江林致早有准备,立刻披挂上阵,说是支援江尽挹,实则只派了一队压粮车,压着满满二十车的粮食前往关山道。
江林致只带了三万兵,兵行险招,从无名村一道直逼蜀地。她和几十年一样领了兵,带兵一路杀到淮岭一脉东边才停下,其间顺便全灭了吴国的一支骑兵。
军中那些不服的人早就被她不要命的奇诡兵法震得五体投地,毕竟江尽挹那边苦撑着,这边已经拔了五座城了。

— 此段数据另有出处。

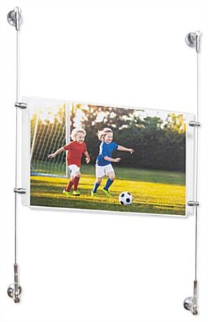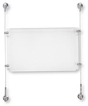 These display hanging systems, also known as cable displays, are perfect for businesses looking for relatively low cost signage that grabs the attention of the customer. This kit includes custom designed satin silver finished hardware for an elegant look to blend well with any environment. These suspended signage kits, display hanging systems include a crystal clear acrylic panel with a simple to use top-insert design. Users can quickly switch out marketing materials according to business needs. These display hanging systems are part of a large selection of cable kits in all different sizes and configurations. Purchasers can choose a pre-designed set or create a unique matrix by combining multiple different kits.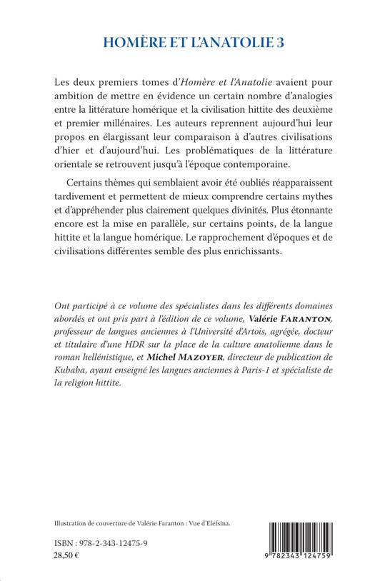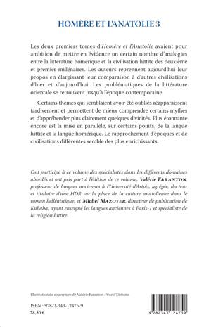 Les deux premiers tomes d' « Homère et l'Anatolie » avaient pour ambition de mettre en évidence un certain nombre d'analogies entre la littérature homérique et la civilisation hittite des deuxièmes et premier millénaires. Les auteurs reprennent aujourd'hui leur propos en élargissant leur comparaison à d'autres civilisations d'hier et d'aujourd'hui. Certains thèmes qui semblaient avoir été oubliés réapparaissent tardivement et permettent ainsi de mieux comprendre certains mythes.

左轻侯站在山顶眺望远处的蜀地,寒风猎猎,底下的蜀地就算是秋收完,也绿意盎然,看着确实喜人。估计前一阵秋收的时候,更喜人。
尘走上来,垂首道:“将军,蜀地易守难攻,我们不好攻。”
风实在太冷,左轻侯搓了搓自己的胳膊,一点点往下走,道:“蜀地富庶,民风彪悍,自古以来无论当朝者姓什么,都自成一派。天高皇帝远,他们不一定是真效忠于皇帝,但一定是真信不过我们。”
这话理解起来不难,怎么解决很难。尘沉默了许久,道:“属下不懂。”
“怎么感化他们?”
“……然后我们的人混进去和他们一起生活劳作?”尘实在想不出来,索性破罐子破摔。
此时此刻,左轻侯很怀念祁灵均在身边的日子,她叹了口气,道:“你还真是什么立功的事情都想着张万春。”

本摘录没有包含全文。